De Freiburger Thesen was het eerste programma van de FDP dat aandacht vroeg voor het milieu: "Het milieu heeft voorrang boven het winststreven en persoonlijk voordeel". De partij was daarmee de eerste in het parlement vertegenwoordigde partij met een milieuparagraaf. Verder ademen de stellingen een grote mate van individualisme uit. Wat betreft de hervorming van het kapitalisme en de democratisering van de samenleving bepleitte de FDP sinds 1972 medezeggenschap van werknemers in bedrijven. Voortaan werd ook de staat niet langer gezien als een bedreiging van de burger in diens persoonlijke en economische vrijheid, maar gezien als een positieve instelling die juist voorwaarden voor de vrijheden schept. Hiermee vertoont stelling nummer vier sterke overeenkomst met het ordoliberalisme. Hiermee vertonen de Freiburger Thesen dus niet alleen sterke verwantschap met het sociaalliberalisme, maar ook met het ordoliberalisme dat een derde weg wil bieden tussen de laisser-faire-economie en het staatssocialisme. Dit was ook precies wat de samenstellers van de stellingen voor ogen hadden: een alternatief bieden voor het neoliberalisme en het marxisme.

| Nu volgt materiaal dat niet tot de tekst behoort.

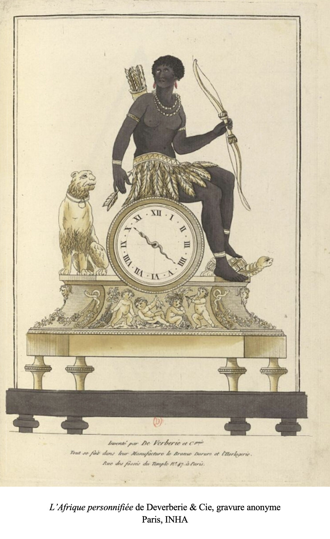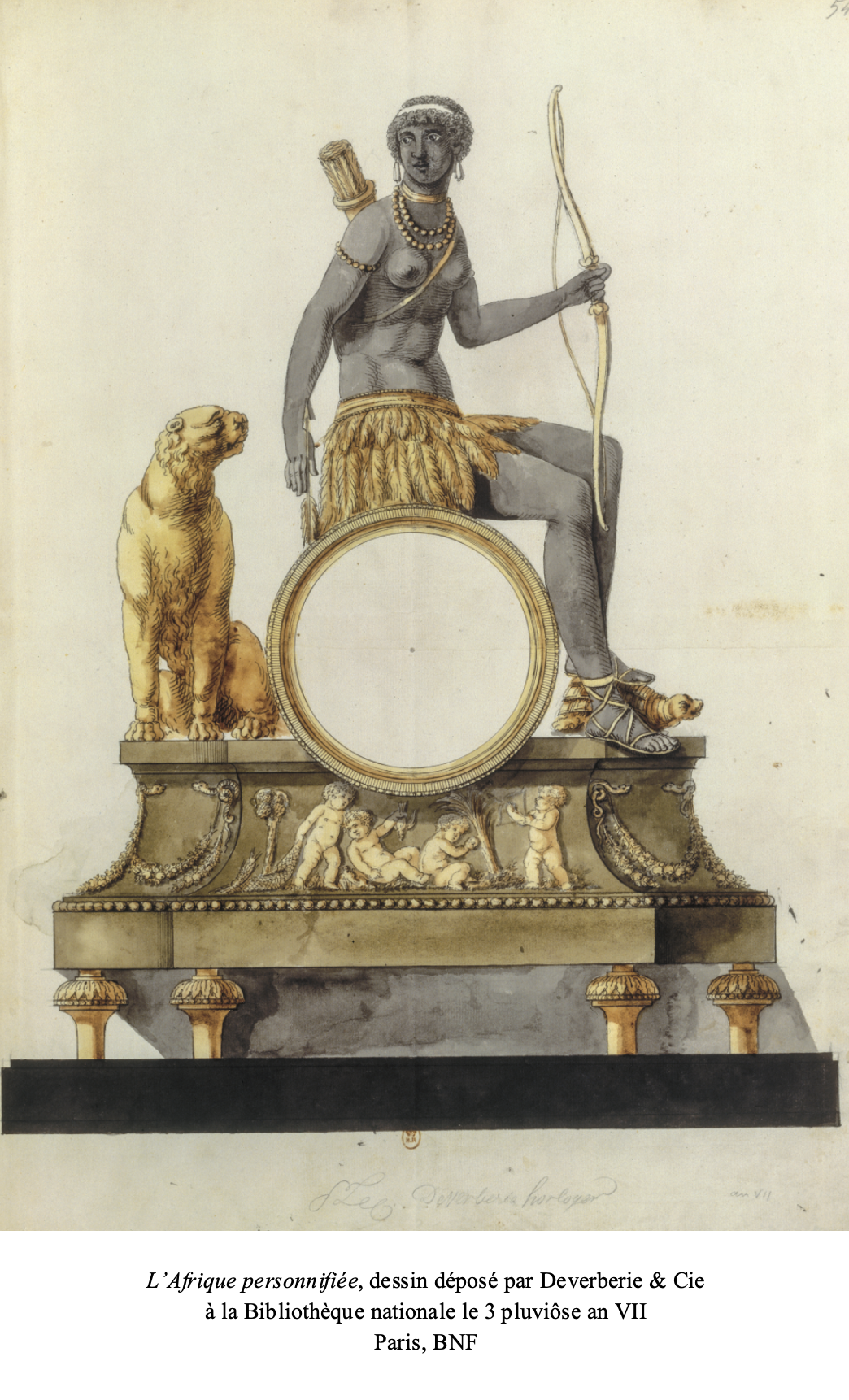 Elles font écho à un courant philosophique développé dans quelques grands ouvrages littéraires et historiques, notamment Paul et Virginie de Bernardin de Saint-Pierre publié en 1787 qui dépeint l’innocence de l’Homme, Atala de Chateaubriand qui restaure l’idéal chrétien et surtout le chef-d’œuvre de Daniel Defoe publié en 1719 : Robinson Crusoé. Le dessin original de la pendule proposée, titré « l’Afrique », fut déposé par le fondeur-ciseleur parisien Jean-Simon Deverberie en An VII (illustré dans Dominique et Pascal Flechon, « La pendule au nègre », dans Bulletin de l’association nationale des collectionneurs et amateurs d’horlogerie ancienne, printemps 1992, n°63, p. 32, photo n°2).
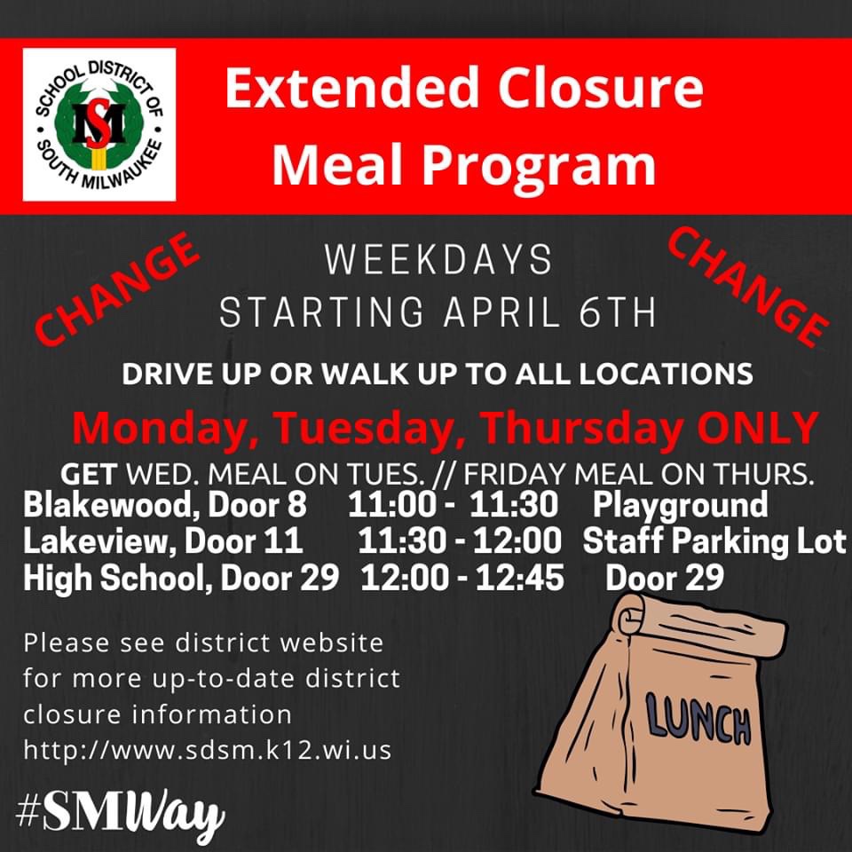 From the South Milwaukee School District Facebook page: “Thank you to our district essential workers! Did you know that 12,704 meals (6,352 lunch meals, 6,352 breakfast meals) have been assembled and served by our Nutrition Services Department since March 18? The community appreciates your service! #SMWay If you haven’t stopped to get a lunch or breakfast you still can. Days, times and locations are in the graphic or on district website. http://www.sdsm.k12.wi.us/.”
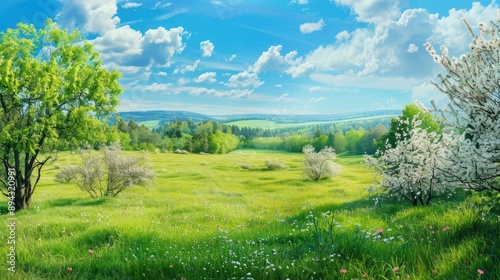 © savittree, Obraz premium Panoramic rural landscape with hay bales in a field at summer sunset
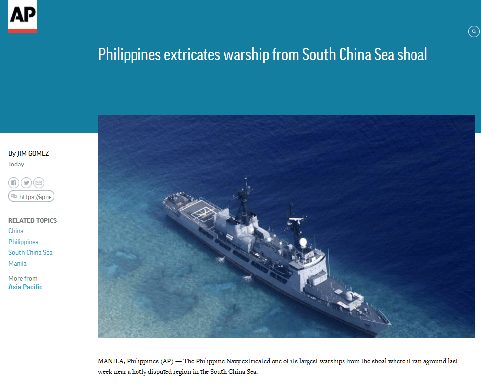 美联社称,“德尔皮拉尔”号是菲律宾军方从美国手中收购的三艘前美国海岸警卫队巡逻舰之一,是菲律宾最大战舰。
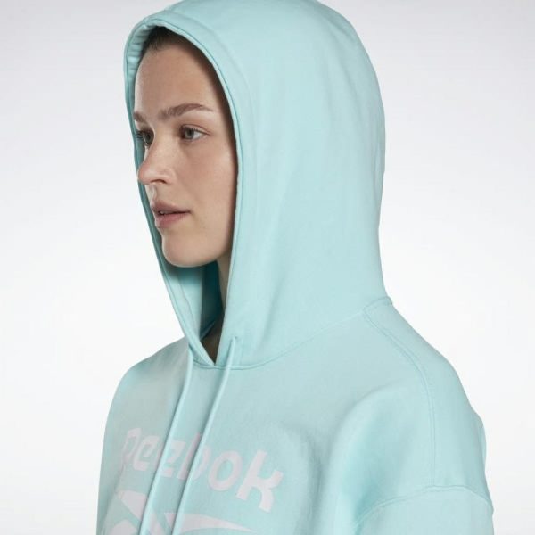 Iconic style meets cozy comfort. This women’s hoodie is made from soft cotton-blend French terry. The oversize fit lets you layer it over your favorite tee. A kangaroo pocket keeps hands warm. A large logo amplifies your Reebok pride.
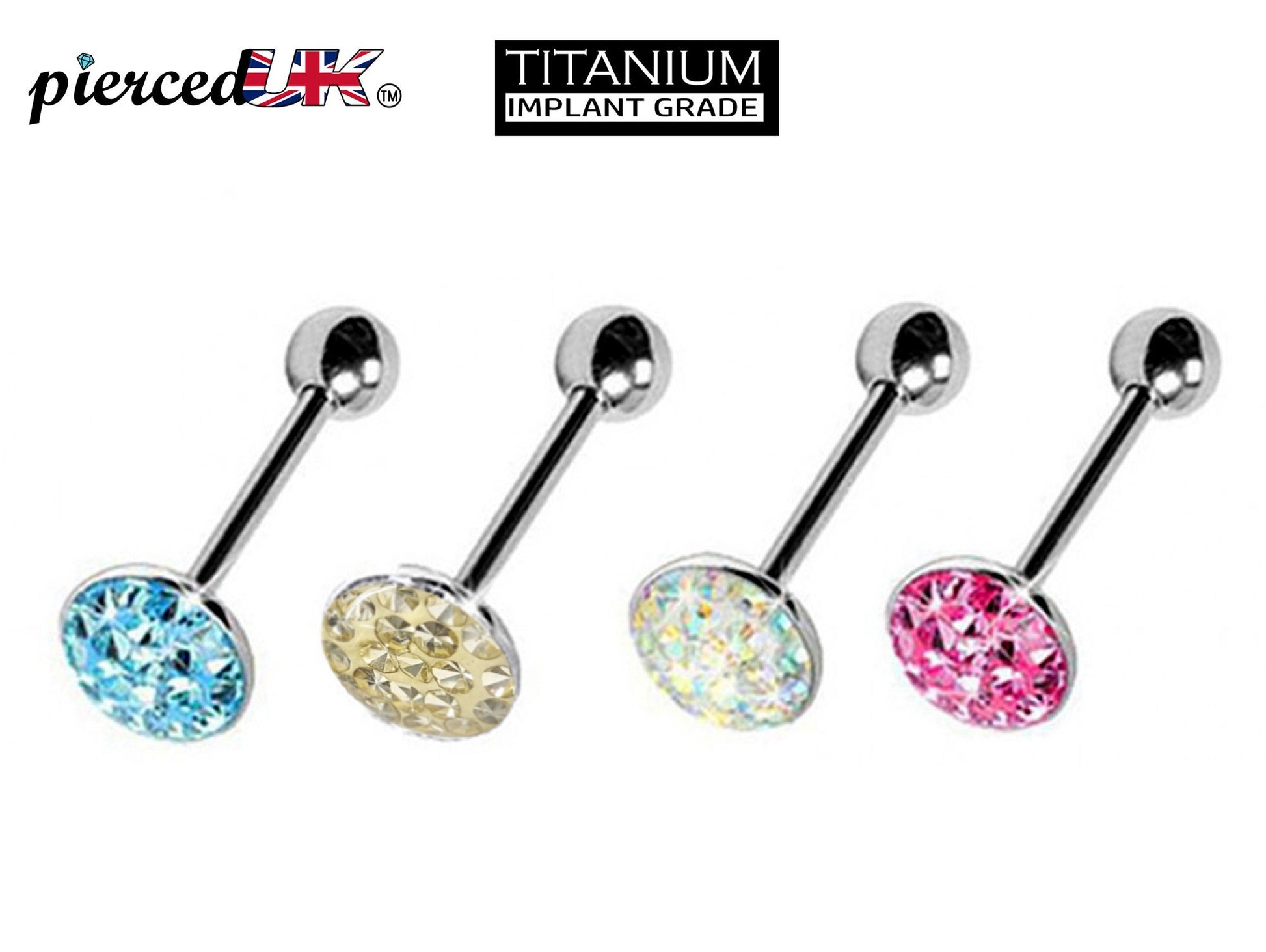 Titanium Tongue Bar, Barbell Piercing - 14g (1.6mm) Tongue Barbell with Flat top Coated CZ Crystals
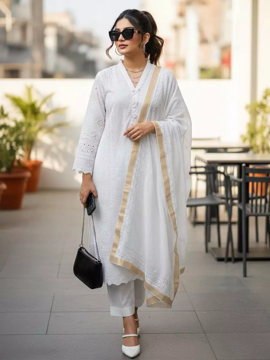 • Dupatta Details: Embroidered munar dupatta
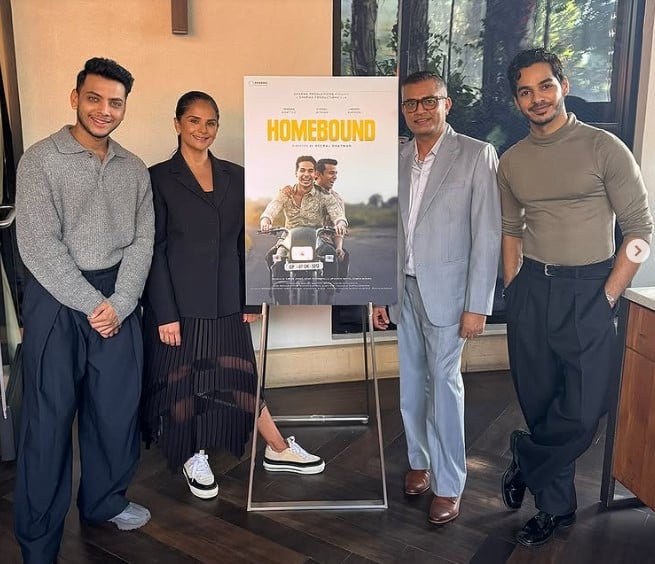 He posted two pictures from the event featuring the stars of Homebound, ishaan Khattar and vishal Jethwa, along with other attendees.
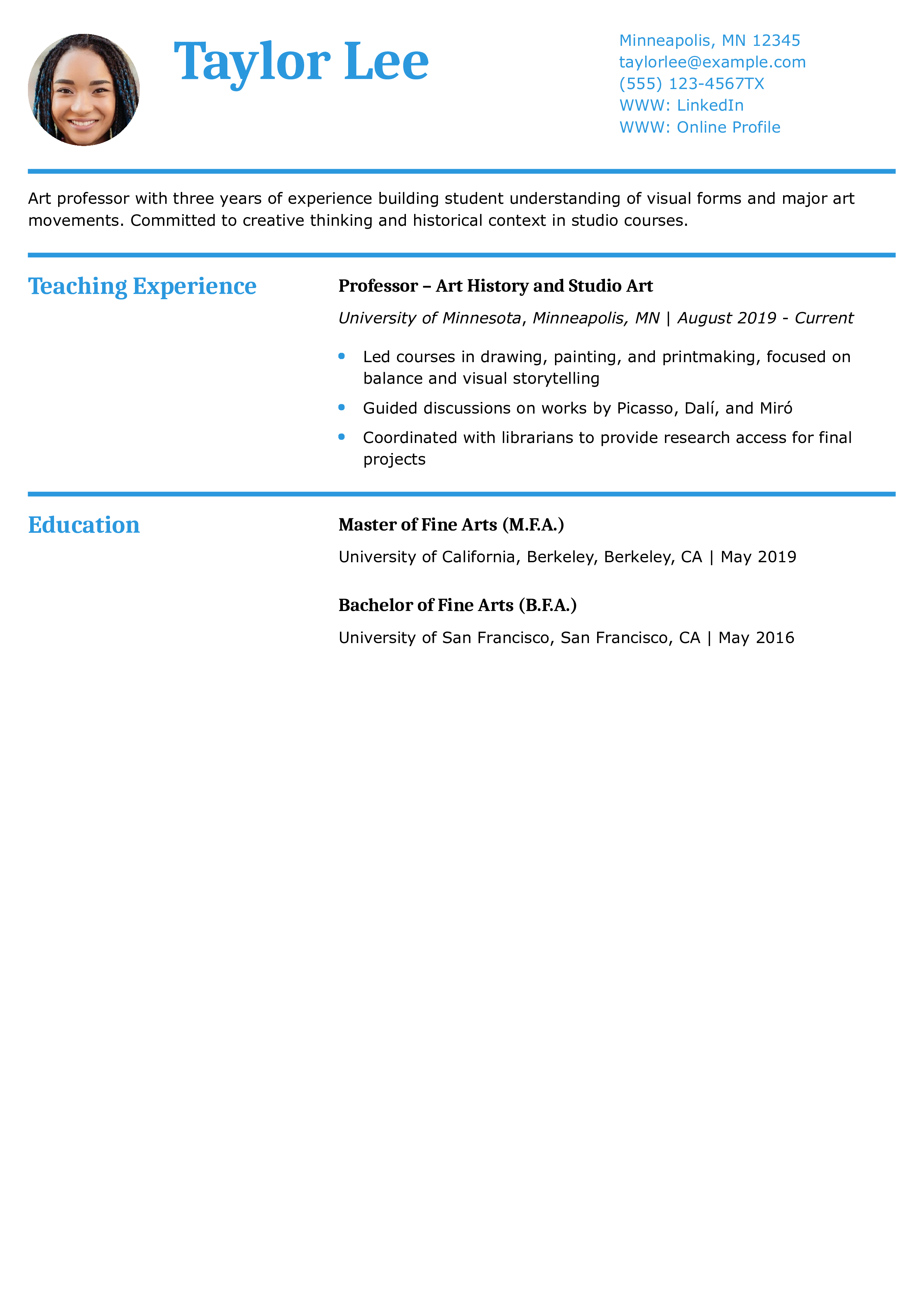 This resume works well because it integrates practical studio teaching with art historical depth. To enhance visual clarity in your resume, see best font for a resume.

Inhoudelijk nemen de thesen een positie in tussen het ordoliberalisme en het sociaalliberalisme.

Freiburger Kreis bewerken

Toen de Freiburger Thesen in 1977 werden afgelost door de Kieler Thesen vond dit geen algemene instemming binnen de FDP. Een aantal linkse liberalen vormden binnen de FDP het Freiburger Kreis dat streeft naar de herinvoering van de stellingen van Freiburg. Linkse liberalen vormen thans een kleine minderheid binnen de FDP.

Na de verkiezingsnederlaag van de FDP bij de Bondsdagverkiezingen van 2013 waarbij de FDP de kiesdrempel niet haalde, neemt de interesse voor de Freiburger Thesen toe, ook bij de meer conservatieve leden van de partij.